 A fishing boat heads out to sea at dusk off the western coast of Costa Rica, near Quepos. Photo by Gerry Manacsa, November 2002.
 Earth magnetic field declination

--

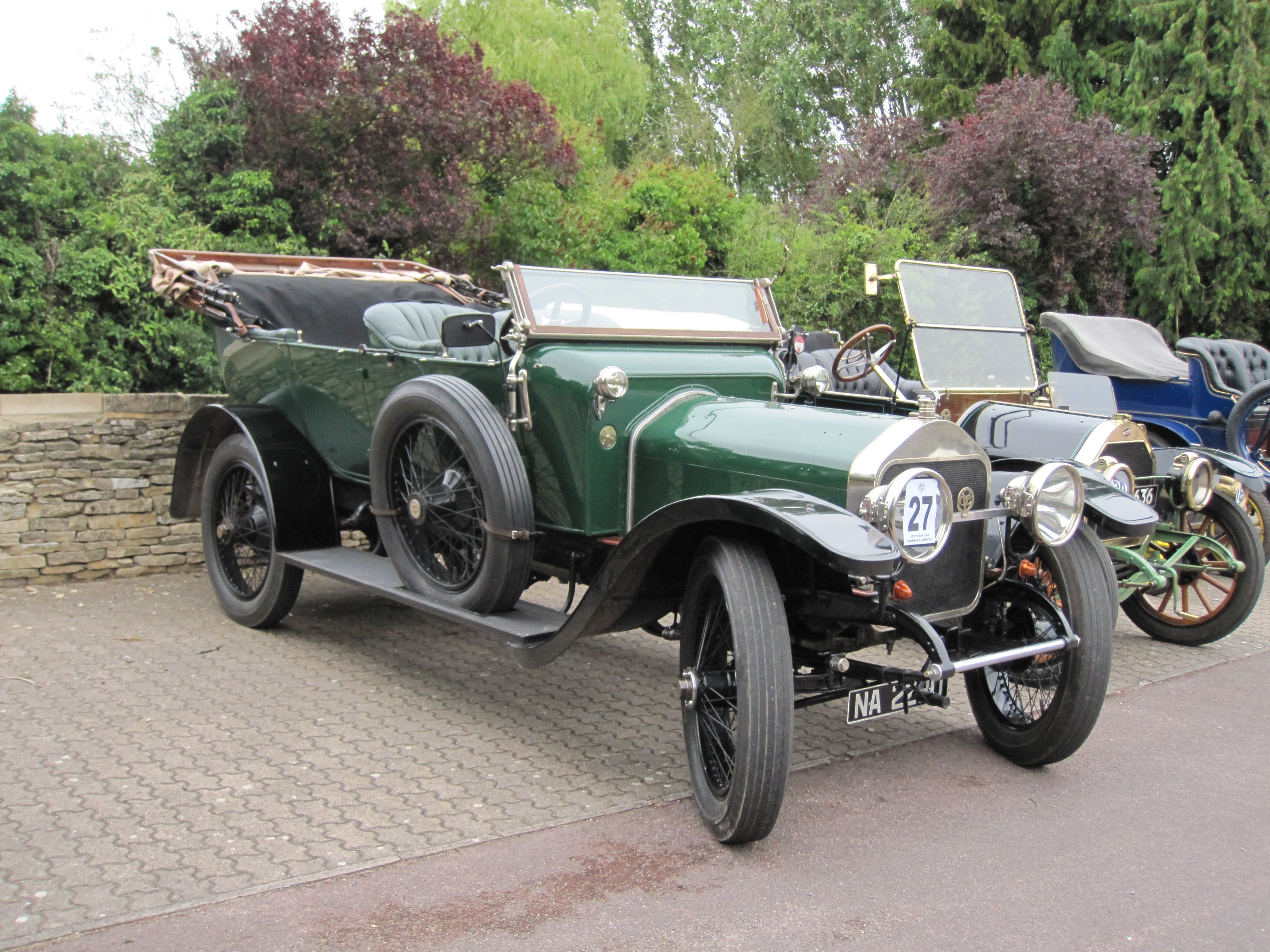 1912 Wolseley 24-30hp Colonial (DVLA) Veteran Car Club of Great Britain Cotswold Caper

---

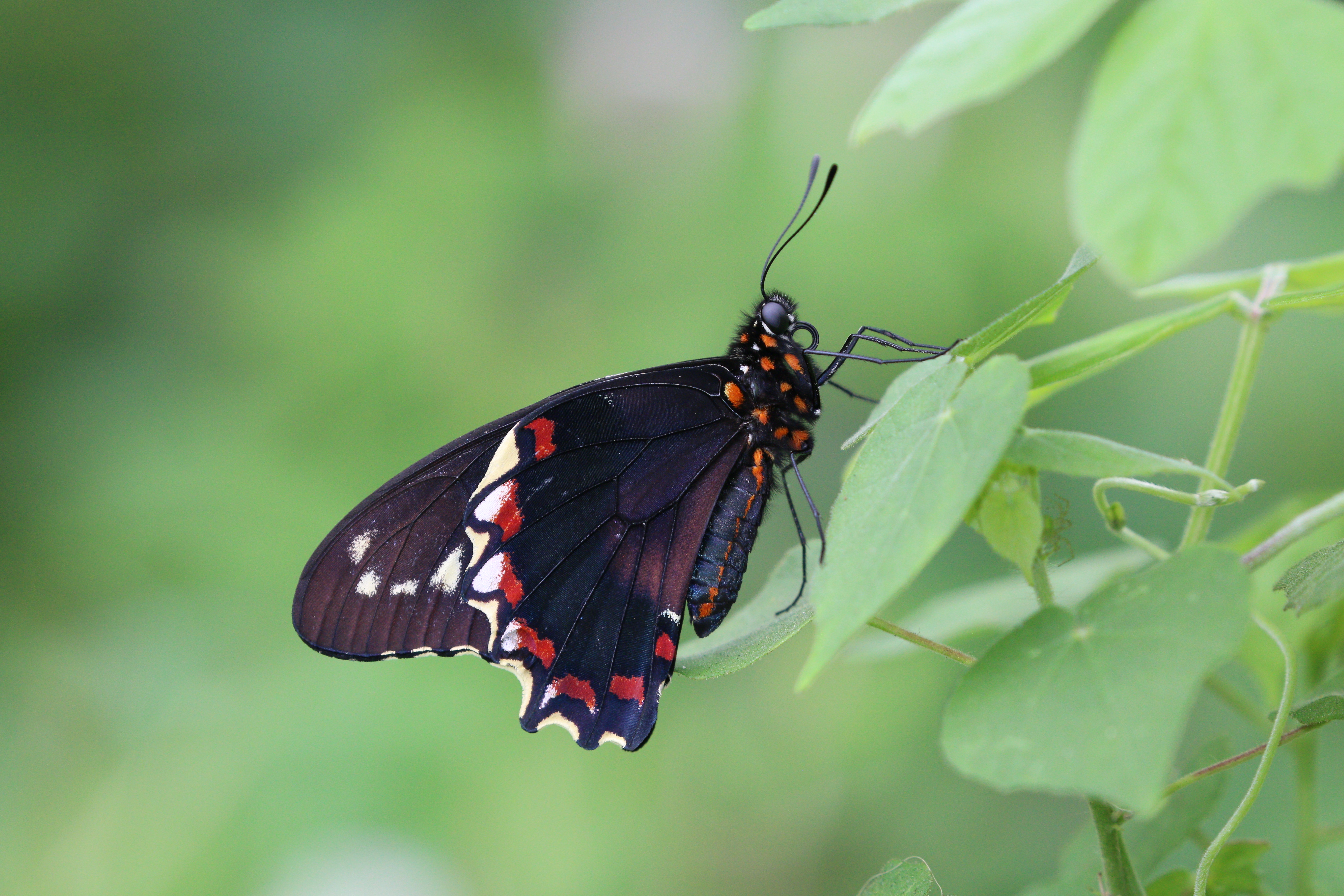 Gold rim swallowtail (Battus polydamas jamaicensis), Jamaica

Required action ▸ Restate word for word the entries above from the line with "A fishing boat" through the line with "Earth magnetic field declination", inclusive, leaving out everything else.

Result ▸
 A fishing boat heads out to sea at dusk off the western coast of Costa Rica, near Quepos. Photo by Gerry Manacsa, November 2002.
 Earth magnetic field declination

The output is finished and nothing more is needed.